Monday, December 5, 2022

This Year’s Best Actress Race Is One Of The Most Competitive In Years

By Ryan C. Showers 

A few weeks ago, I wrote an article describing how the Best Supporting Actress race would take a different shape at each of the televised award shows, meaning each would have a unique combination of the usual suspect contenders based on the voting blocs and patterns of the awards institutions. There are only six, maybe seven, strong contenders for Best Supporting Actress, so it was easy to shuffle that group around and imagine which of them would be splintered off at which award show. Even now, the analysis in that article feels dated, seeing as “First Man” and Claire Foy’s buzz has lessened, while Nicole Kidman in “Boy Erased” and Amy Adams in “Vice,” have all emerged with a stronger sense of survival in the awards race.
 
While Best Supporting Actress has gotten simpler in the past month, Best Actress is quite the opposite, due to the abundant volume of contenders. Below is a list of all the actresses in serious competition for one of the five slots at the Oscars, Golden Globes, BAFTA, SAG, and six slots at the Critics Choice awards. These performances aren’t just possibilities to fill categories; they are fierce competitors, many of which are cited as the best work of the respective actress’s career. They display overt and tangible acting styles, have rich and culturally important characters, and are being rigorously campaigned by the studios and actresses in Hollywood, at festivals, and beyond. Even in years like the last two, there were really only six or seven women seen legitimate enough to be taken seriously in this category. The portrayals given by actresses in leading roles this year will make for a tumultuous, bloodbath of a category.​


BEST ACTRESS
Yalitiza Aparicio – “Roma
Emily Blunt – “Mary Poppins Returns”
Toni Collette – “Hereditary
Olivia Colman – “The Favourite
Glenn Close – “The Wife
Viola Davis – “Widows
Lady Gaga – “A Star Is Born
Felicity Jones – “On The Basis Of Sex
Nicole Kidman – “Destroyer
Melissa McCarthy – “Can You Ever Forgive Me?
Rosamund Pike – “A Private War
Julia Roberts – “Ben Is Back”
Saoirse Ronan – “Mary Queen Of Scots”
 
A lot of the same principles still apply in Best Actress that I used to analyze Best Supporting Actress…

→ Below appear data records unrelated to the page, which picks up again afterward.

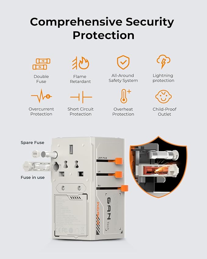- 【Universal Travel Adapter – Works in 200+ Countries】Designed for worldwide use, VisaPro features 4 plug types (Type C/G/I/A), making it compatible with 200+ countries, including most of Europe (France, Germany, Italy, Spain, etc.), the UK, Ireland, Australia, New Zealand, China, the USA, Japan, and Canada—a perfect travel essential for global explorers.
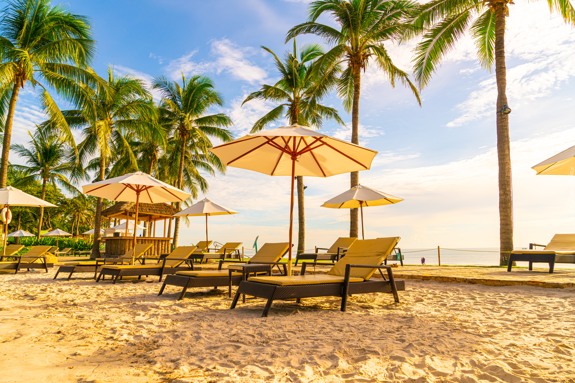 Edytor tapety: Leżaki i parasole na plaży pod palmami
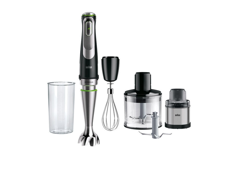 With multiple attachments a blending wand a whisk a masher a beaker a 15-cup Mini chopper and a jug blender the 700-watt mq9 hand blender is the game-changing kitchen appliance that lets you effortlessly tackle the most challenging jobs. Blend chop whip slice shred and mash. The breakthrough technology in Brauns next-generation hand blender delivers groundbreaking innovations to let you easily express your culinary vision.

  • The Golden Globes have a reputation of being drawn to movie star industry names, dramedies, and films with bolder tones. They have their finger on the pulse of pop culture and evaluate the merit of the projects and artists at hand.
  • The Critics Choice Awards go for the obvious Oscar bait with sprinkles of artistic elitism here and there.
  • SAG voters (because there are so many of them) typically represent the masses through nominating popular actors and films that come out earlier in the year or movies that are easily accessible, say on streaming services like Netflix. SAG is about numbers and getting a large number of voters to see films and nominate them.
  • The BAFTAs, oftentimes skewing their picks to favor British projects or films with high-profile British actors, produce the most high-class and adult round of nominees rather than nominations that represent more unique American experiences.

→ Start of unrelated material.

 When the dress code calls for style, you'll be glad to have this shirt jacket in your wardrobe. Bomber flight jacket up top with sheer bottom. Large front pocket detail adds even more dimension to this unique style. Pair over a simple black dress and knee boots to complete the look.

Because the contest is so heated, who gets in at which award show will be slightly different. It’s not just about quality, type, and name recognition; the timing and the execution of focused campaigns is going to make the difference this year. Whatever is prominent or “hot” during the time of voting, or whatever is fresh or in the voters’ minds when they cast their ballots, will influence who is voted in. Therefore, here are two kinds of performances I really see succeeding in the long run…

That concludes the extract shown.